Regarding the stack pointer - I am referring to state of the SP as it is maintained by the compiler. While I can actually ensure that it is always aligned (part of the ABI) in the prologue/epilogue, the IR doesn't possess this information, so the alignment optimisations have to specially check if the pointer being processed is the SP or not.

All the best,

  MartinO

Note that this only applies to base types. Vector types certainly can
require larger alignment in practice and that's why posix_memalign
exists.

Joerg

2016-10-03 13:55 GMT+02:00 Martin J. O’Riordan via llvm-dev
<llvm-dev@lists.llvm.org>:

I am trying to implement some new alignment based optimisations in our
target backend, and I am wondering if there a way a target can specify that
‘malloc’, ‘realloc’ and ‘calloc’ always return a pointer to memory that is
aligned to a particular boundary?

malloc is guaranteed to be properly aligned for any C type. This would
be 8 bytes on most systems for double. However, I think in practice
most modern implementations return 16-byte aligned pointers. I don’t
think there is a way to annotate calls malloc to have some specific
alignment from the backend, that has effect on passes before the
backend.

Note that this only applies to base types.
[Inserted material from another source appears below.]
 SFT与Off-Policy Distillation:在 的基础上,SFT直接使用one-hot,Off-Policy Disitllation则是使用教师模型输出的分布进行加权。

Vector types certainly can
require larger alignment in practice and that’s why posix_memalign
exists.

Is memalign stil needed for vector types? From the man page (http://www.manpagez.com/man/3/calloc/), it says:

The malloc(), calloc(), valloc(), realloc(), and reallocf() functions allocate memory.

The allocated memory is aligned such that it can be used for any data type, including AltiVec- and SSE-related types.
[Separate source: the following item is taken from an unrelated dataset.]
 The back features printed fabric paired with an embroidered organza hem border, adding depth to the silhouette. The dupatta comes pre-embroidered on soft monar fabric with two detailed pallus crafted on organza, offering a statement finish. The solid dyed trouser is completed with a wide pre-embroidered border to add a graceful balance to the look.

Given this, a while ago I had a hacked up an LLVM pass to add align(16) to the return attributes of malloc. It saved a few KB from the clang executable size due to more efficient memcpy and related functions being generated in the backend.

So yes please to some kind of solution to this. I’d be fine with adding something to TTI if we can’t get it in the headers.

Cheers,
Pete

If you want to be portable to more than one libc implementation, yes.
Base alignment on i386 is still 32bit only for example in the SysV ABI.
I'm not even sure what the requirements for AVX is, e.g. if they finally
bumped it to 256bit for some things.

Joerg

You are right and I should have remembered: BlueGene/Q has 32 byte
vector types, and I was using posix_memalign for those. IBM certainly
would not change the system base alignment of PowerPC because of this.

posix_memalign would still have another use case: Alignment to cache
line boundaries.

Michael